После чего он столь же почтительно поклонился старой даме и вышел, даже не взглянув на королеву, которая, уязвленная такой дерзостью, повернулась к Мэри Сейтон и с обычной своей невозмутимостью сказала:

– Сейтон, кажется, нам рассказывали об оскорбительных для нашей достойной хозяйки слухах, касающихся какого-то младенца с бледным лицом и черными волосами? Если этот младенец, как я догадываюсь, превратился в молодого человека, который только что вышел отсюда, то я готова засвидетельствовать каждому сомневающемуся, что он истинный Дуглас, и доказывает это если уж не храбрость, ибо у меня не было возможности убедиться в ней, то в любом случае наглость, свидетельства каковой он нам сейчас явил. Пойдемте, душечка, – продолжала королева, опершись на руку Мэри Сейтон, – не то наша гостеприимная хозяйка может счесть, что из учтивости она должна составлять нам общество, меж тем как нам известно, что ее нетерпеливо ждут в другом месте.

С этими словами Мария ушла к себе в спальню, а старая леди, еще не успевшая прийти в себя от ливня насмешек, которыми осыпала ее королева, удалилась, бормоча:

– Да, да, он Дуглас, и с Божьей помощью, я надеюсь, он это еще докажет.

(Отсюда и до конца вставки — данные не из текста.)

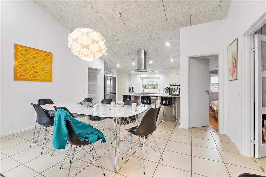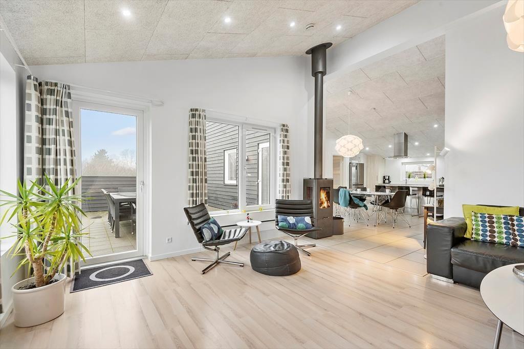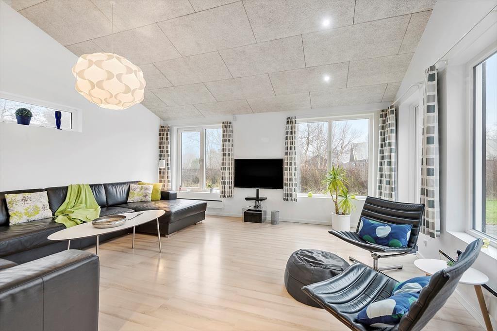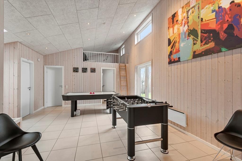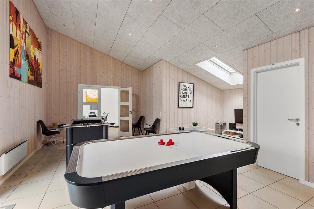 Uanset om du drømmer om at bruge ferien på at sove længe, læse tykke bøger eller have det sjovt med familien, kan det lade sig gøre her i det lyse og velindrettede hus. Planløsningen byder nemlig på fire gode soveværelser, en flot stue med integreret køkken og endelig et stort aktivitetsrum, hvor du og dine kære kan hygge jer med at spille bordfodbold, airhockey og Nintendo Wii. Fra aktivitetsrummet er der direkte forbindelse til en hems, der både kan bruges som soveplads og som hyggekrog i løbet af dagen, og hvis du trænger til at slappe fuldstændigt af, er der spabad og sauna på det ene af de to badeværelser.
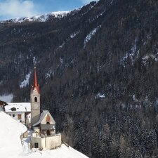 Mühlbach liegt auf 1.400 m Meereshöhe hoch über Uttenheim und hat etwa 50 Einwohner. Verblüffend ist vor allem die Lage dieser Ortschaft - allein die Kirche scheint, als müsse sie sich am steilen Hang festhalten, um nicht ins Tal zu kullern. Die Kuratienkirche von Mühlbach ist den 14 Nothelfern geweiht.
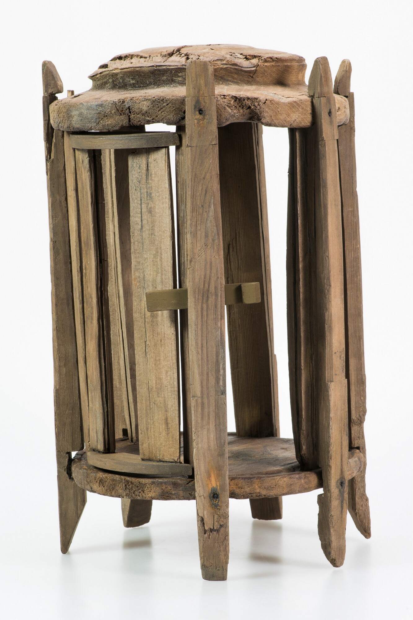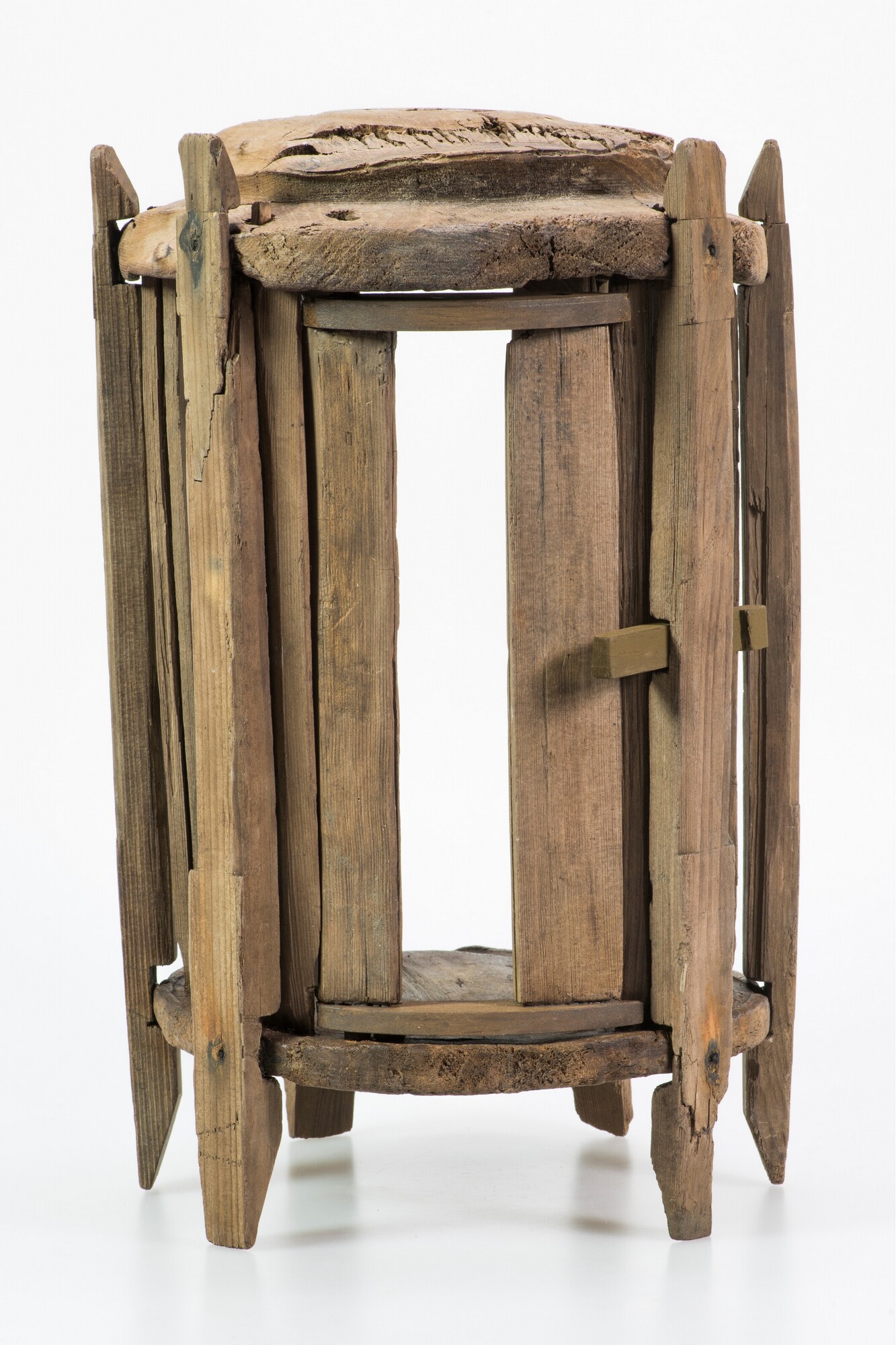 Hout, bodem en deksel: wilg/populier (Salix/Populus), spijlen: den (Pinus sp.)
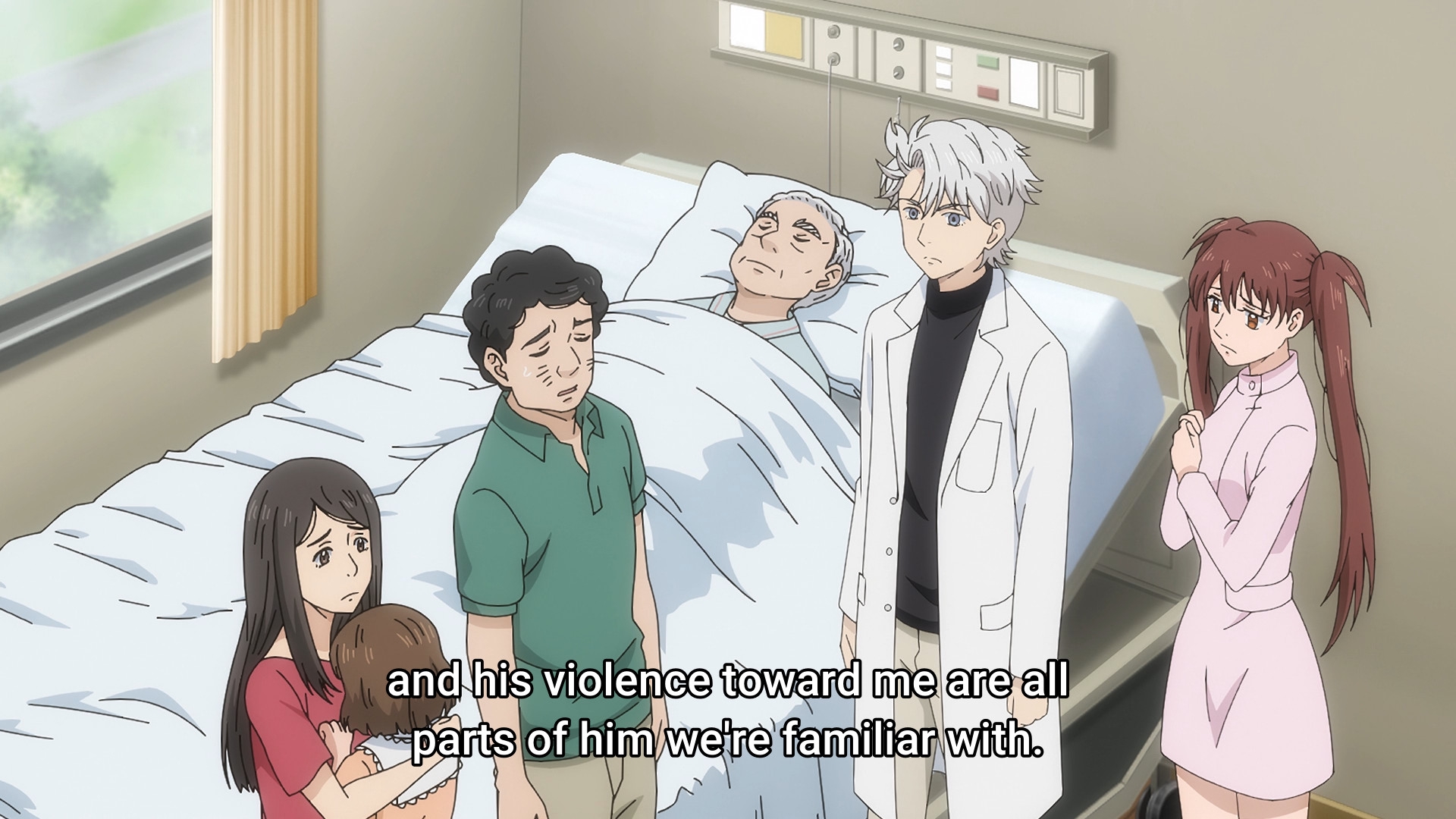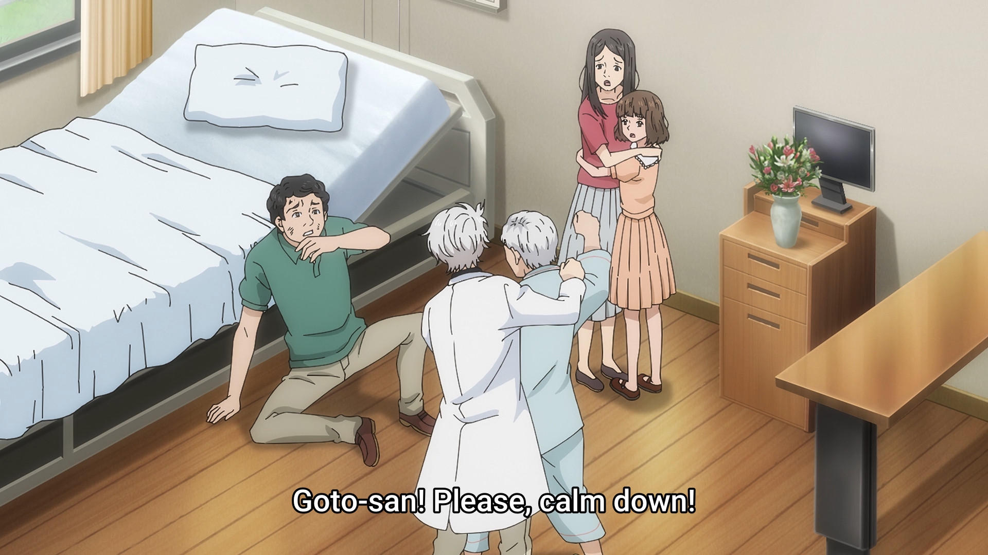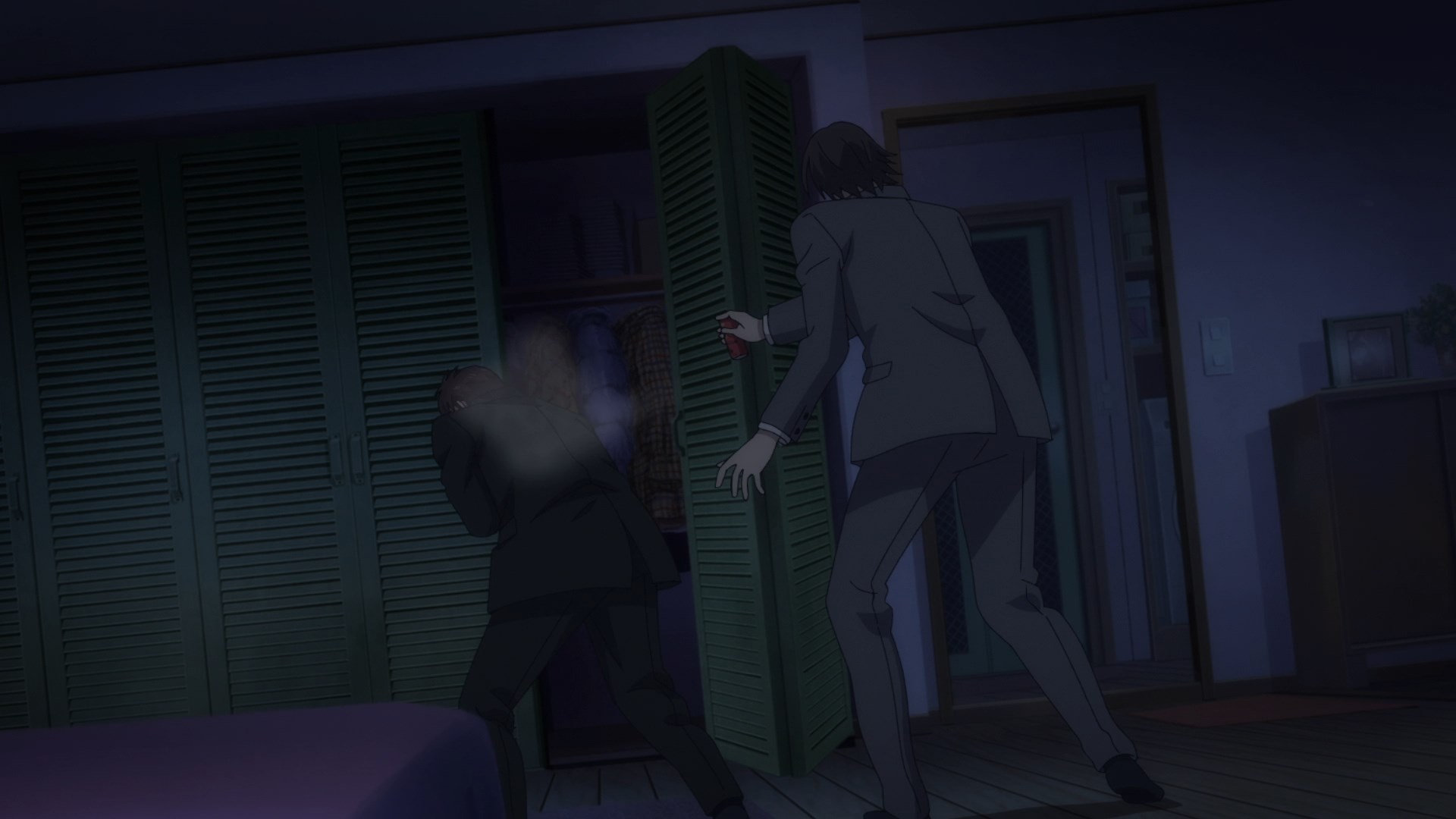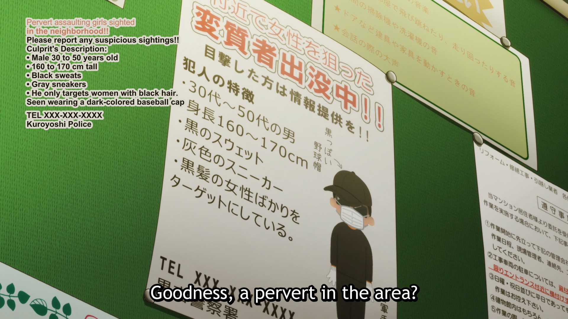 Я помню спойлер, что убийца кто-то из ближайшего окружения. Мужик, судя по первой серии. Какая же у конкретно этого оссана стрёмная рожа. Я, походу, спалил себе сюжет. М-да. Ну посмотрим на слайсик с младшеклашками тогда, хуле.
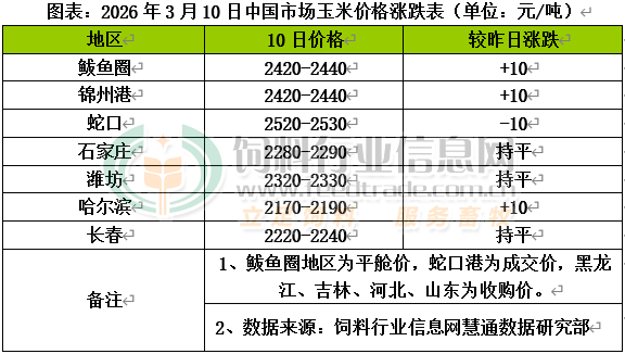 国内主产区气温逐渐升高,基层余粮储存难度增加,叠加玉米价格持续走高,种植户及持粮主体售粮变现积极性提升,中储粮轮入玉米也明显增多,市场底部支撑偏强。北方港口集港数量较前期有所增加,但产地涨价带动集港成本上扬,贸易商提价促收意向增强,收购价格小幅上涨。南方港口内贸玉米与进口到货累加,总库存从低位区间回升。上周谷物周度到货44.5万,周度走货51.1万吨。受期货盘面及北港成本上涨提振,贸易商报价跌幅有限。国内玉米现货价格基本稳定,局部小幅调整。东北产区基层余粮不足三成,随着气温回升及现货价格上涨,基层余粮逐渐释放,部分贸易商也获利出货,加工企业节后开机率小幅上升,下游整体需求尚可,为保障正常开机收购价格维持偏强运行。9日中储粮投放粮源全部成交,局部溢价幅度大,继续对市场供应进行补充。华北黄淮产区随着气温飙升新粮储存风险加大,基层购销有所恢复,贸易商建库需求有所恢复,加工企业厂门到货尚可,以本地货源为主,收购价格大体稳定,局部地区小幅波动。

У королевы хватило сил сдерживаться в присутствии врага, но едва она осталась одна, как тут же рухнула в кресло и, будучи уверена в единственном свидетеле своей слабости Мэри Сейтон, залилась слезами. Но ее можно понять: только что она была жестоко уязвлена; до сих пор еще ни один мужчина не приближался к ней, не выказав должных знаков почтения, и неважно, к чему они относились – к ее королевскому сану или красоте ее лица. А этот, на которого она, неизвестно почему, возлагала невольные надежды, оскорбил ее вдвойне – и как королеву, и как женщину. Поэтому Мария оставалась у себя до вечера.